There is no need to wild camp in France as M/H camping is permitted and organized every were.

In Spain its a little different, if you go down to the costas then you can expect to get moved on by the Gardia cival on a regular basis but away from the costs its not a proplem if you dont stop more that a few nights and you use a bit of common sense.

In Portugal, well Porugal is heaven for M/H,s, you can get moved on by the GNR but not often, I have been in company with 20 or 30 other vans for over 6 weeks before being moved and then we all went back after a day or two with out a problem.

I define wild camping as "camping without permission". Oh I know there are lots of people who will call me names but most of them have never tried it or even seen it in action.

I am told that Norway is also very good for M/H,s but I like the sun not the cold so I have not been there.

So good luck with the camping, we are off again in August for another 9 months and this time with 3 months in Morocco.

Doug.


----------



## sheringham (Mar 24, 2006)

*Stellplatz in Germany*

Hi Lost...& others

We have been visiting Germany now for some years and for the last 4, since normal retirement age, in a MH.

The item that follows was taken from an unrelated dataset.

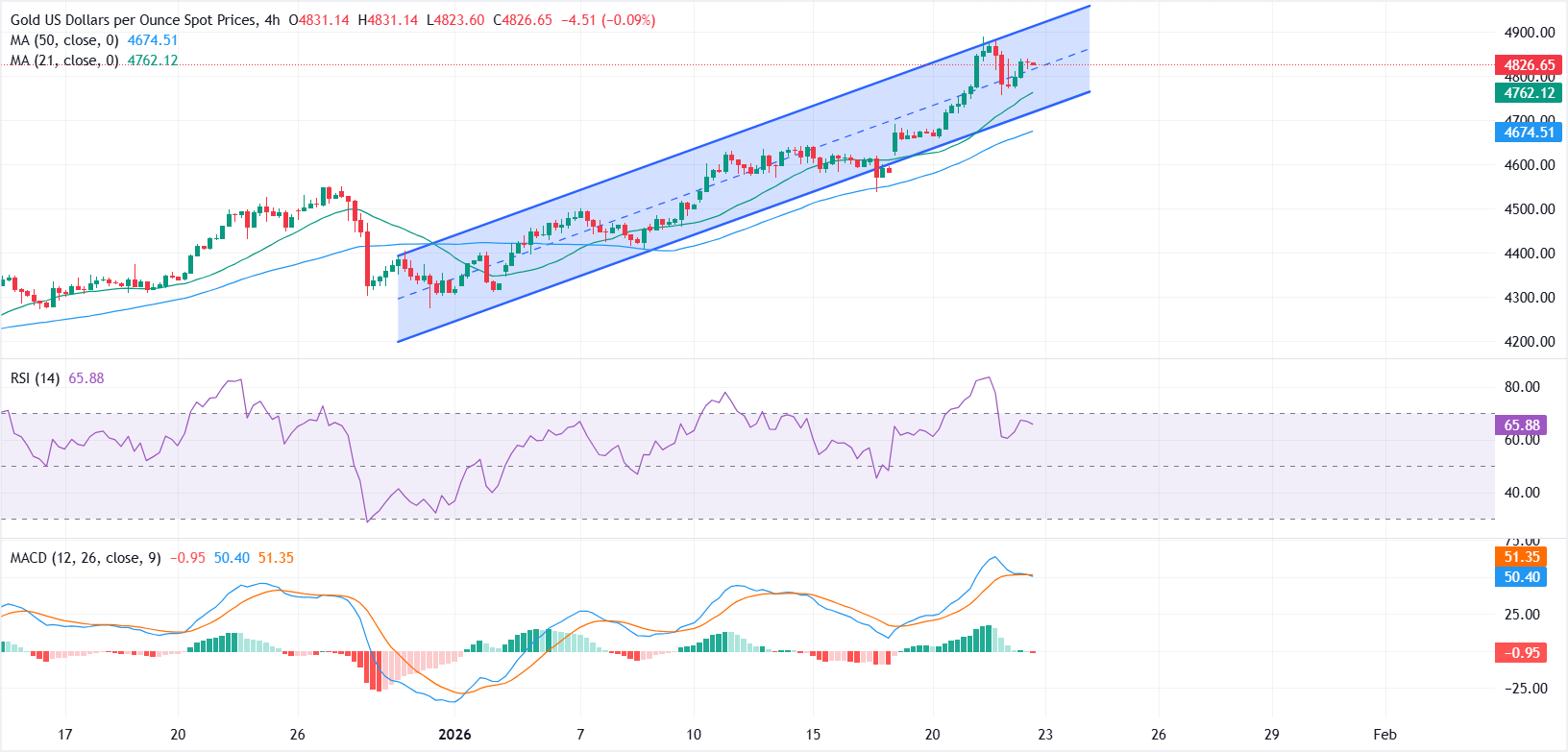 XAU/USD仍處於強勁的上升趨勢中,本月迄今價格上漲近11%,在2025年飆升約64%。在4小時圖上,黃金在一個明確的上升平行通道內交易,標誌著一系列更高的高點和更高的低點。價格舒適地位於21期和50期簡單移動平均線(SMA)之上,進一步鞏固了買方牢牢掌控的觀點。

Just returned 23.06.06 from Germany after 9 weeks travelling from North
(Hamelin) to South (Lake Constanz or Bodensee) then East at the Czech border to West (Trier)into France and home. During that time we spent about 50% of the time on many "stellplatz" throughout the country.

Prior to going we got the ADAC Stellplatz Fuhrer book which is a mine of info and at 16.80 Euros is worth every cent. There are ADAC centres in most medium size towns and in many book shops stock the full ADAC range of products
It gives good narrative with site addresses, albeit in German, but the key words are easily understood and it is aided with maps of each and every site.

Some are adjuncts of official camping sites, some are municipal, others belong to commercial enterprises...we seldom paid more than 6 Euros per night and electricity at 0.50c per kW.

It may just be coincidence but there appears to be a more definate comradery with all nationalities when cheek to jowl. Also there now appear to be a lot more Brits enjoying the scene.
Each stellplatz has its own character varying in each region but all provide economic overnight stays in fairly secure settings...or at least it has always felt that way with us as we have never felt threatened. So much so that this was a second trip following an 8 week trip we made last Autumn when we originally discovered the "German Aires"and used them extensively.

Incidentally Stellplatz are where you see the really big RVs such as the Niesmann & Biscoff Clouliners some towing small autos!!!!! as they are to big for some camp site pitches.. such a site was Trier where there was on the 2 days we stayed some 80 units parked up..most with power from 10A outlets. This site charged 6 Euros and delivered bread rolls to the MH door at 0800, if required.... I kid you not!!!

Your original question also enquired about Denmark..
It is illegal to camp outside a regulated caravan and camping site in Denmark. I have no experience of wild camping there but there is a sytem called "Quickstop" which allows MHs 14 hours on a site arriving between 2000/2300 hours and leave before 1000 the following day to enable all of the necessary chores to be done in an environmentally acceptable manner. 2006 prices of between DKK95 & DKK120 for a family of 4 excluding electricity.

Further info available on www.dk-camp.dk

Trust that info may be of interest

sheringham


----------